Really, I could imagine many such `test' cases, when my script will
fail. But most of them will be very syntactic and never will be meet
in real-life repos.

-- 
Best regards,
 Lev                            mailto:lev@serebryakov.spb.ru


---------------------------------------------------------------------
To unsubscribe, e-mail: users-unsubscribe@subversion.tigris.org
For additional commands, e-mail: users-help@subversion.tigris.org

Re: Re[6]: cvs2svn.pl 0.50 released: first public release

Posted by kf...@collab.net.
Lev, just wanted to point out something that may be helpful to you:

The cvs2svn.py test suite data contains many pathological cases, drawn
from real-life experience.  It's tools/cvs2svn/test-data/*-cvsrepos/
in the Subversion tree.  Perhaps they can be useful to you in testing
cvs2svn.pl.  (Or maybe you already knew about them?  I wasn't sure,
sorry if this is old news to you :-) ).

Good luck,
-Karl

---------------------------------------------------------------------
To unsubscribe, e-mail: users-unsubscribe@subversion.tigris.org
For additional commands, e-mail: users-help@subversion.tigris.org

RE: Re[6]: cvs2svn.pl 0.50 released: first public release

Posted by Mats Nilsson <ma...@xware.se>.
Lev Serebryakov wrote:
>  If script have two equivalent choices (as in eexample with only
>  file1.c) it could not choice anything/ because it don't have
>  additional information for choice, and I don't want to do RANDOM
>  choice.
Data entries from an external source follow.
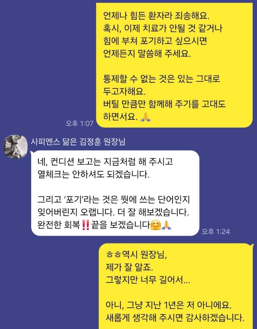 나라는 사람이 짐이 되지 않길 바라는 간절함이 있었기에 이제 치료가 안 될 것 같거나 힘에 부쳐 포기하고 싶으시면 언제든 말씀해 주세요. 라고 말씀드렸다.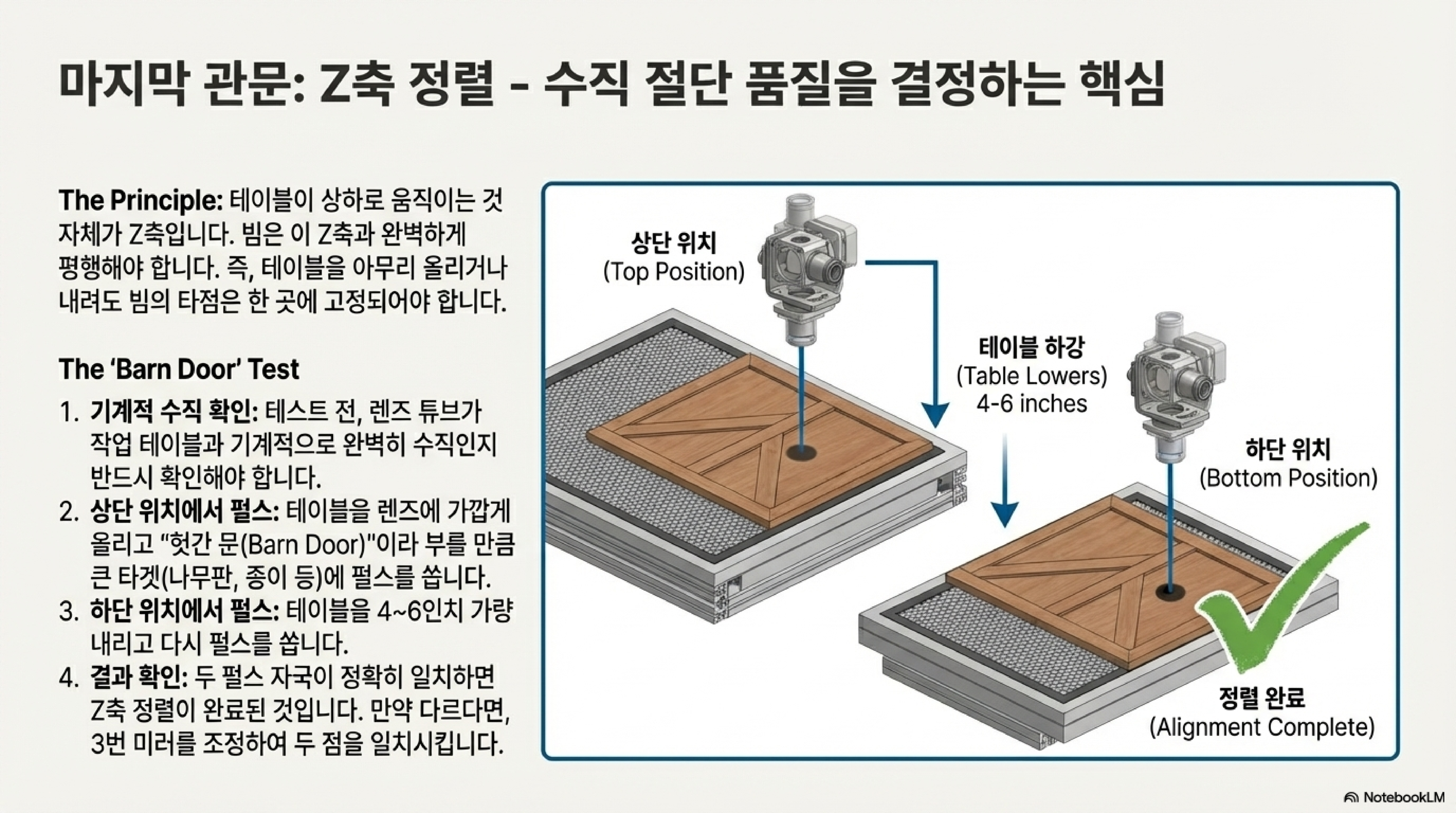 이는 매우 중요한 통찰을 담고 있습니다. 때로는 첨단 기술처럼 보이는 보조 도구보다, 가장 직접적이고 본질적인 접근법이 가장 정확한 해답을 준다는 역설입니다. 문제의 현상을 흉내 내는 대리인(proxy)이 아니라, 문제의 본질(레이저 빔)과 직접 마주하는 것만이 우리를 진실로 이끌 수 있습니다.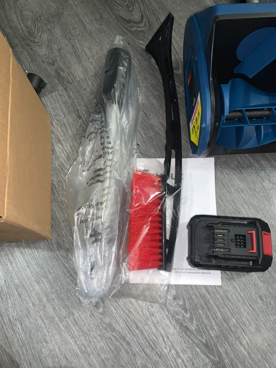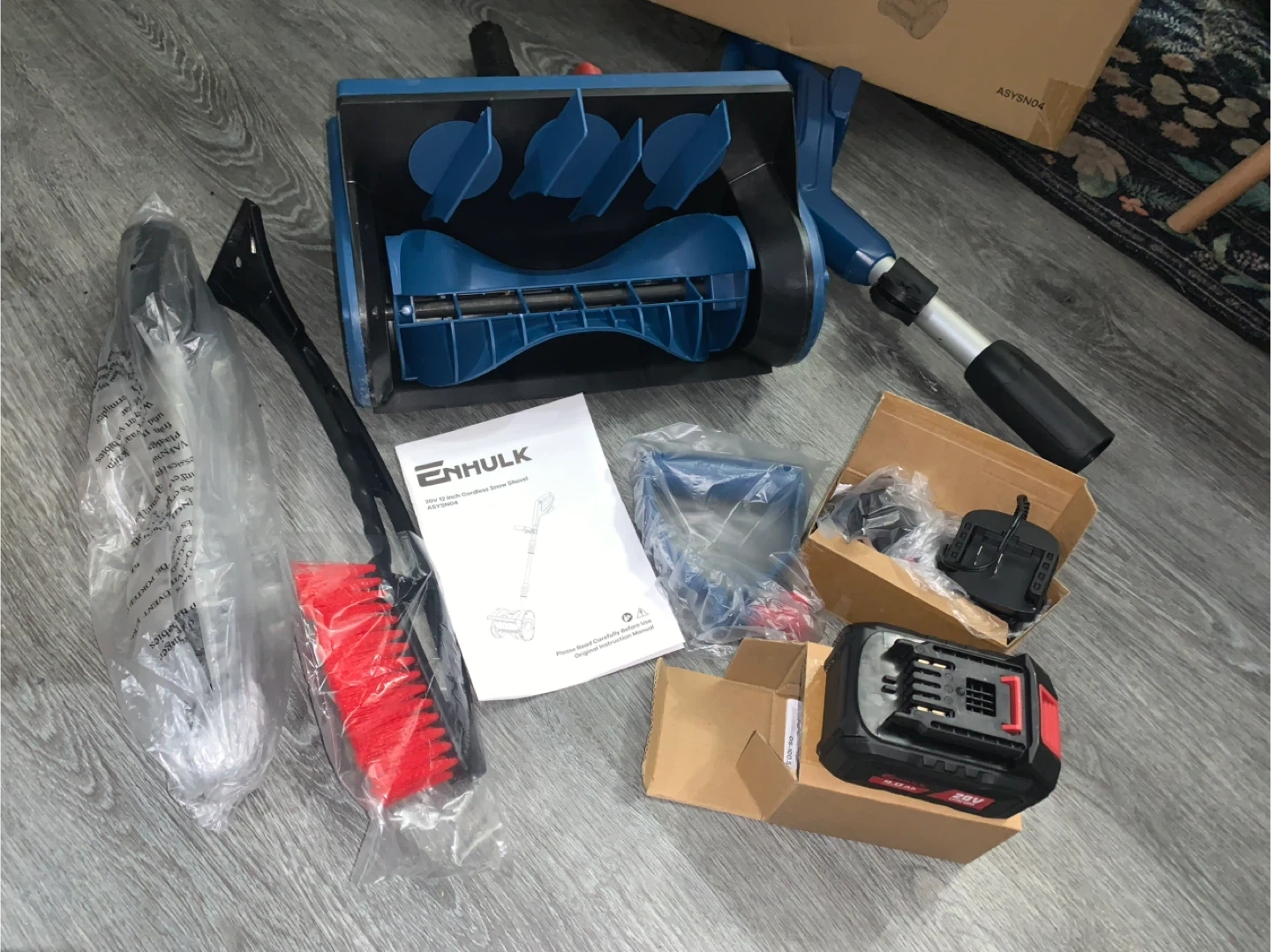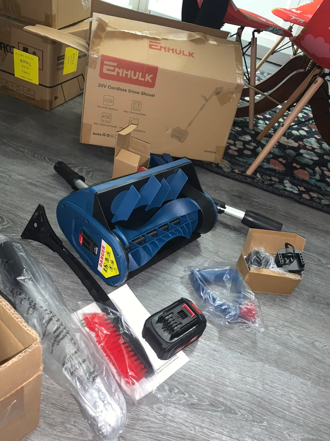 Selling an Enhulk 20V electric snow shovel in blue. It's a 12-inch model and comes with a 4-Ah battery and quick charger. The box is included, along with all the original components and accessories. Great for clearing snow quickly!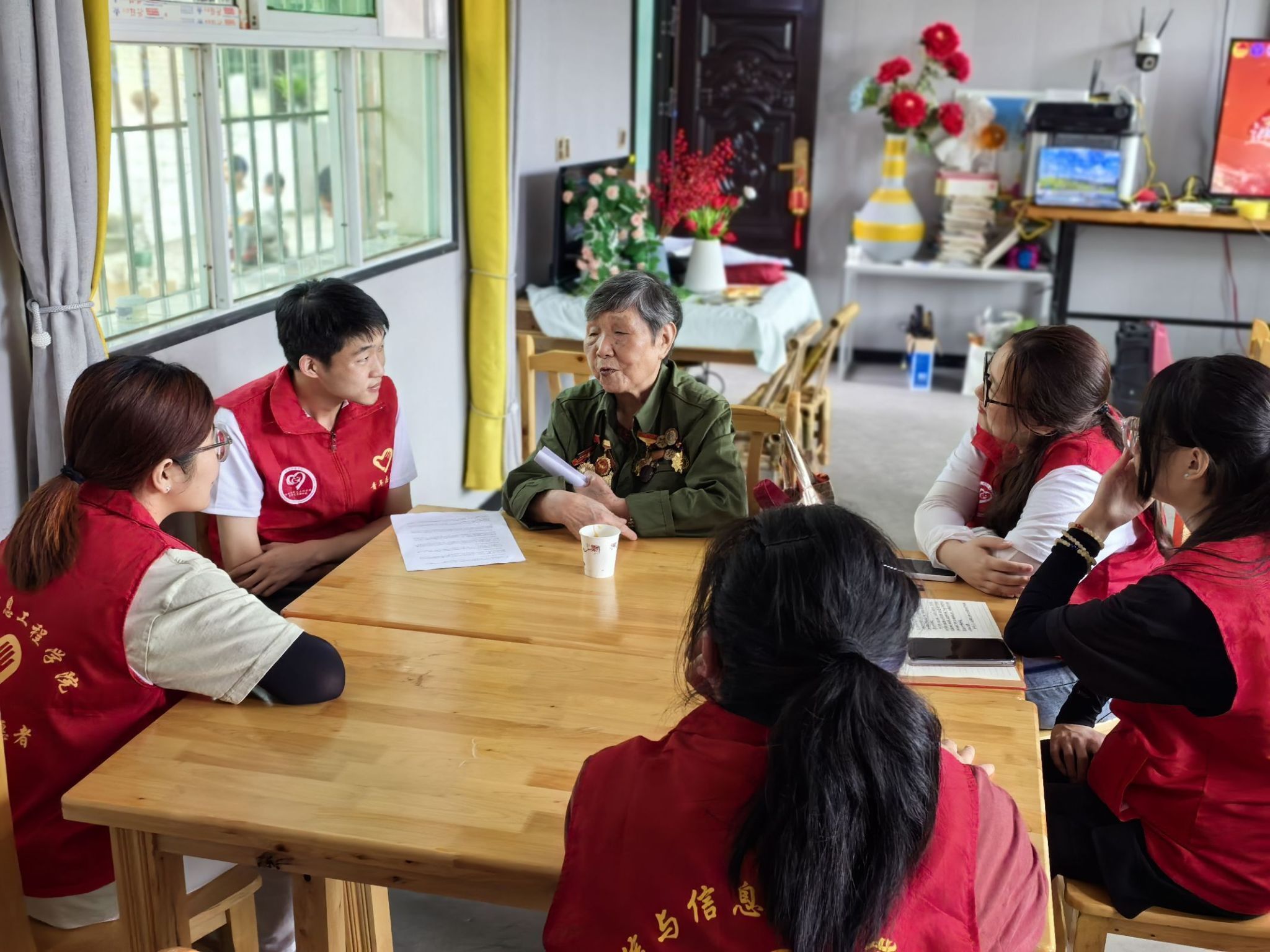 为进一步传承老一辈革命精神,引领新时代青年在乡村振兴实践中弘扬红色文化,以红色精神铸魂乡村振兴,推动乡村振兴迈向新的征程。2024年7月7日,重庆移通学院通信与信息工程学院“青聚双凤 通力前行”乡村振兴促进团于诚湘康养院会议室召开“学习红色故事 共建振兴新局面”主题分享会,旨在将这段不朽的历史与新时代乡村振兴紧密结合,为乡村发展注入全新活力。此次会议特邀请:段贤能、汪重民、余中华三位原抗美援朝战士进行分享。
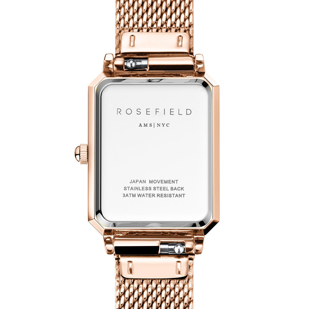 Urets rektangulære form og rosegold finish giver det et sofistikeret udtryk. Den hvide urskive skaber en smuk kontrast til den varme metalliske farve. Det rustfrie stål sikrer holdbarhed og en luksuriøs følelse på håndleddet. Den fine mesh-rem tilføjer en ekstra dimension af elegance og komfort.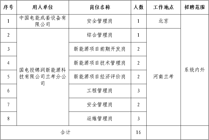為加快推進公司新興產(chǎn)業(yè)落地,保障各項經(jīng)營管理工作有序開展,根據(jù)相關(guān)所屬企業(yè)用人實際,面向國家電投集團系統(tǒng)內(nèi)、外公開選聘專業(yè)技術(shù)人員共16名。現(xiàn)將有關(guān)事項公告如下: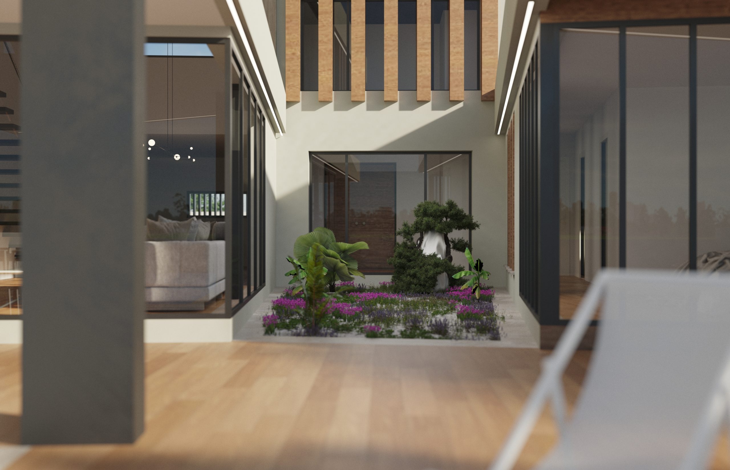 Con el encargo de nuestro proyecto «Casa Patio», en Miguel TuArqutitectura hemos recibido una inyección de motivación e ilusión. Muy satisfecho con el resultado obtenido en el diseño de una vivienda estudiada hasta el más mínimo detalle. Se trata de una distribución en planta con forma de H intencionada para que tanto la pieza constituida por la zona de noche como la formada por la zona de día se abran a un espacio interior con mucha privacidad, El Patio. La zona de dormitorios y la zona de salón cocina se unen por un elemento de gran importancia como es el vestíbulo resuelto a doble altura que le da entidad a la entrada de esta maravillosa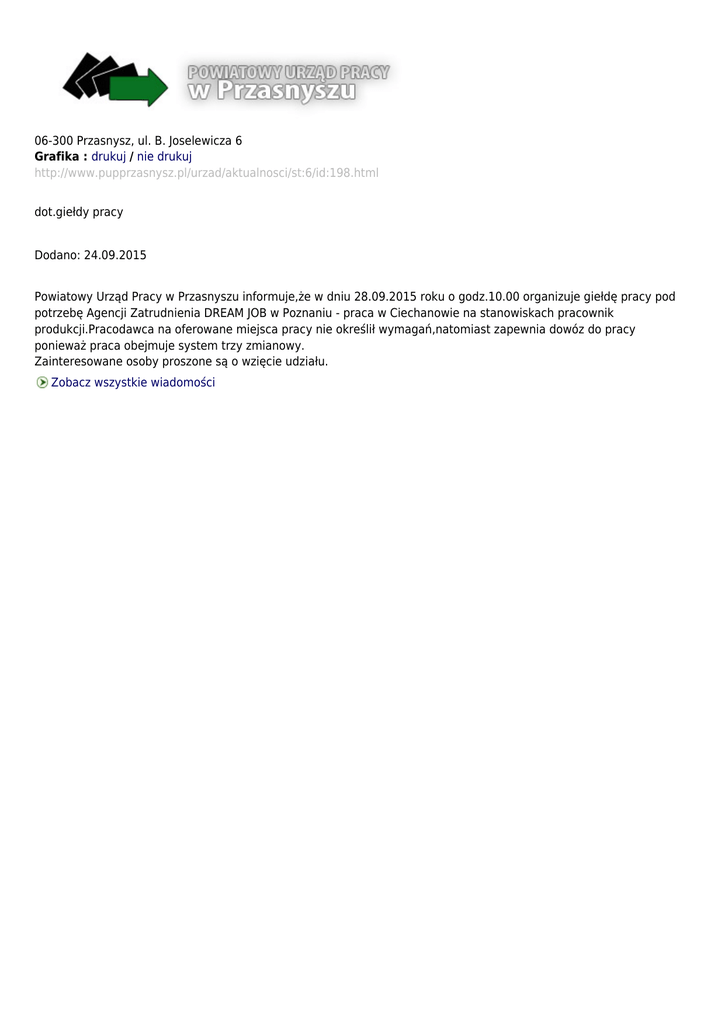 06-300 Przasnysz, ul. B. Joselewicza 6 Grafika : drukuj / nie drukuj http://www.pupprzasnysz.pl/urzad/aktualnosci/st:6/id:198.html dot.giełdy pracy Dodano: 24.09.2015 Powiatowy Urząd Pracy w Przasnyszu informuje,że w dniu 28.09.2015 roku o godz.10.00 organizuje giełdę pracy pod potrzebę Agencji Zatrudnienia DREAM JOB w Poznaniu - praca w Ciechanowie na stanowiskach pracownik produkcji.Pracodawca na oferowane miejsca pracy nie określił wymagań,natomiast zapewnia dowóz do pracy ponieważ praca obejmuje system trzy zmianowy. Zainteresowane osoby proszone są o wzięcie udziału. Zobacz wszystkie wiadomości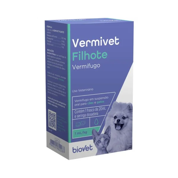 O Vermífugo Biovet Vermivet Filhotes para Cães e Gatos é um produto composto de Pamoato de Pirantel, Praziquantel e Febantel que garantem largo espectro contra formas adultas e larvais dos principais cestoides e nematoides dos cães e gatos, com grande margem de segurança, já que a dose tóxica é extremamente superior à recomendada.
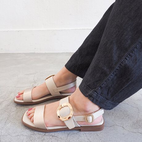 配色で魅せるフラットサンダル。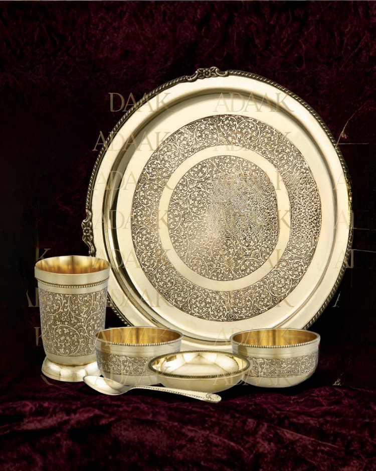 - Set Includes: 1 engraved thali, 1 glass, 1 spoon, 2 bowls, 1 chutney bowl

You could help scrpt with `-sp' option or allows random
>  choice with `-w DiffSymParent' option.

Well. First you say they are equivalent, but then you don't take the
consequence (and select one of them).

And it wouldn't be random if you always selected the branch closer to
the trunk, or trunk if applicable. 

To me they are equivalent. How we copy stuff while creating the svn
dumpfile is not an inherent attribute of the original repository. What
matters to me is that every line of development and every tag has the
correct intermediate and final states, defined solely and exclusively in
terms of file revisions. That is, not how we have copied stuff around to
get there. 

-w DiffSymParent didn't make a difference on my example (cvs2svn-0.50).
I'll try later with 0.51.

Sorry for the fuzz. It's your show. I'll be quiet now, waiting for some
other peoples' comments.


Thanks.

Mats


---------------------------------------------------------------------
To unsubscribe, e-mail: users-unsubscribe@subversion.tigris.org
For additional commands, e-mail: users-help@subversion.tigris.org

Re[6]: cvs2svn.pl 0.50 released: first public release

Posted by Lev Serebryakov <le...@serebryakov.spb.ru>.
Hello Mats,

Thursday, November 13, 2003, 2:46:37 PM, you wrote:

>> file1.c:
MN> Guess you mean file2.c.
  Yes, my fault.

>>    REL1:1.2
>>    REL2:1.4
>>    BRANCH1:1.5.0.2
>> 
>> If script sees only `file1.c' it "thinks":
>> 
>>  (1) REL1 is tag on TRUNK, we copy TRUNK to create it
>>  (2) REL2 is tag on TRUNK OR BRANCH1 before file was changed on this
>>      branch. WHAT SHOULD WE COPY!? BRANCH1 and TRUNK contains SAME
>>      file in this moment of time!
MN> I'd say REL2 is a tag on TRUNK, since its version only has two
MN> components. A tag on BRANCH1 would have a version number 1.3.2.x.
  NOT, NOT AND NOT. When you set tag on file, which is checked out
  from branch, but was not changed on this branch, tag will be set to
  branch point revision. Tag was set ON BRANCH (for all files), but on
  THIS ONE FILE (not changed on branch) it will be on TRUNK revision,.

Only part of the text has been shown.